神情意外激动跪地,并不推脱,当场谢恩。
兵部尚书脸上五味杂陈,怔了怔意识到什么,扬声对公主道:“符大人有‘令战之戏’获胜之功,微臣正要向殿下举荐。如今公主殿下慧眼识英才,自然大好。”

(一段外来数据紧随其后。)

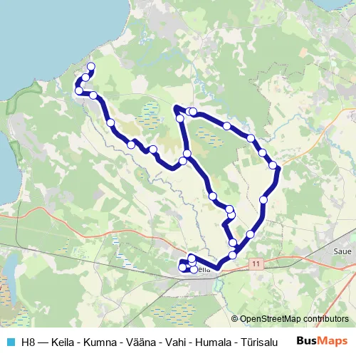 The first stop of the H8 bus route is Pargimaja and the last stop is Hallikivi. H8 (Keila - Kumna - Vääna - Vahi - Humala - Türisalu) is operational during on weekdays.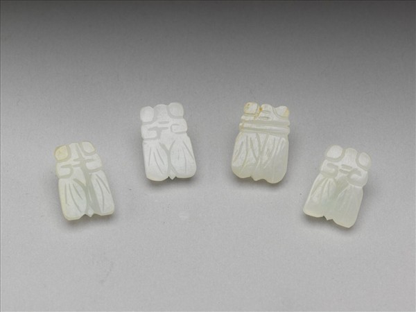 玉質,蟬造型。背面光素無紋,帶一橋形鈕穿,中有孔眼以供穿線。共四枚。

殿内顿时其乐融融,符铭上前一步站在作战沙盘前,把心中谋划和盘托出。
三月二十一日,黑云压城。
刚刚跟工部核算好工钱,在户部支取了天长观重修银两,乐颠颠准备离开皇城的晋王李城止,被请到了御书房。
称帝登基之事虽暂时延后,但李棠已经在御书房处理公文。
李城止到时,她正抱着小郡主哄睡。
小郡主现在还没有名字,他听到李棠轻轻唱:“宝妞,宝妞,做个好梦。”
李城止自己有好几个孩子,却从来没有抱过。他探头瞅瞅道:“阿棠,宝妞乖吗?”
话音刚落,孩子便到了他怀里。
“你先抱一会儿,”李棠道,“本宫有几份文书要看。”
原来是让本王抱孩子啊。
李城止虽有些不满,可一低头看到宝妞漂亮圆润的小脸蛋,心里便似化开了蜜糖。
唉。
自己的老婆要是漂亮就好了。李家没有难看的,偏偏他的孩子最丑。
李城止想着,便听到李棠叹了口气道:“晋王哥哥,有御史参奏,揭发你私售盐粮哎。”
李城止吓了一跳抬头。
这妹妹从不曾唤自己如此亲昵,第一次喊哥哥,就是要砍他的头吗?
不要啊妹子,我只是想赚钱,不想当皇帝。
“本王……没有吧?”李城止哆嗦得几乎把宝妞丢在地上。
自从李棠有意称帝,他就明白自己已经是李棠的绊脚石。如何对待绊脚石,史书上不要太多。
砍头砍头砍头。
寻个由头砍头。
砍头了心里静,不用日夜提防睡不安稳。
“没有吗?”李棠蹙眉念起来,“西市翠红巷三号,陈家粮铺;东市赌场旁对角巷,表面卖酒,地下藏盐;洛阳府……”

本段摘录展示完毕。